* Data section *
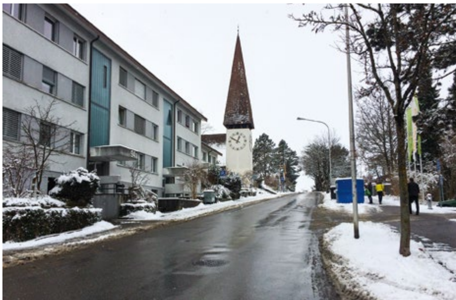
Spiegel im Blickwinkel

Im Spiegel leben aktuell 4572 Personen. Die ältesten Bewohner haben noch vor Ende des ersten Weltkrieges das Licht der Welt erblickt, im aktuellen Jahr kamen 32 Erdenbürger dazu. Im Jahr 2018 dürften im Spiegel vermehrt die Korken knallen: der grösste im Spiegel vertretene Jahrgang sind die 1968er – knapp 100 Personen werden also nächstes Jahr einen runden Geburtstag feiern. Von den Einwohnern sind 800 unter 18 Jahre alt und von ihnen besuchen 500 die Schule Spiegel. An der Schule gibt es 24 Klassen, 78 Mitarbeitende und seit 2009 gehört auch eine Tagesschule zum Angebot der Schule. Diese wird regelmässig von 190 Kindern besucht.
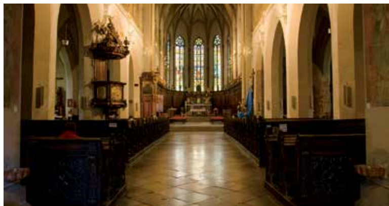
Bazilika sv. Mikuláša.

* Task requirements *
Output the material word for word, omitting its pictures.

* Worked solution *
Spiegel im Blickwinkel

Im Spiegel leben aktuell 4572 Personen. Die ältesten Bewohner haben noch vor Ende des ersten Weltkrieges das Licht der Welt erblickt, im aktuellen Jahr kamen 32 Erdenbürger dazu. Im Jahr 2018 dürften im Spiegel vermehrt die Korken knallen: der grösste im Spiegel vertretene Jahrgang sind die 1968er – knapp 100 Personen werden also nächstes Jahr einen runden Geburtstag feiern. Von den Einwohnern sind 800 unter 18 Jahre alt und von ihnen besuchen 500 die Schule Spiegel. An der Schule gibt es 24 Klassen, 78 Mitarbeitende und seit 2009 gehört auch eine Tagesschule zum Angebot der Schule. Diese wird regelmässig von 190 Kindern besucht.
Bazilika sv. Mikuláša.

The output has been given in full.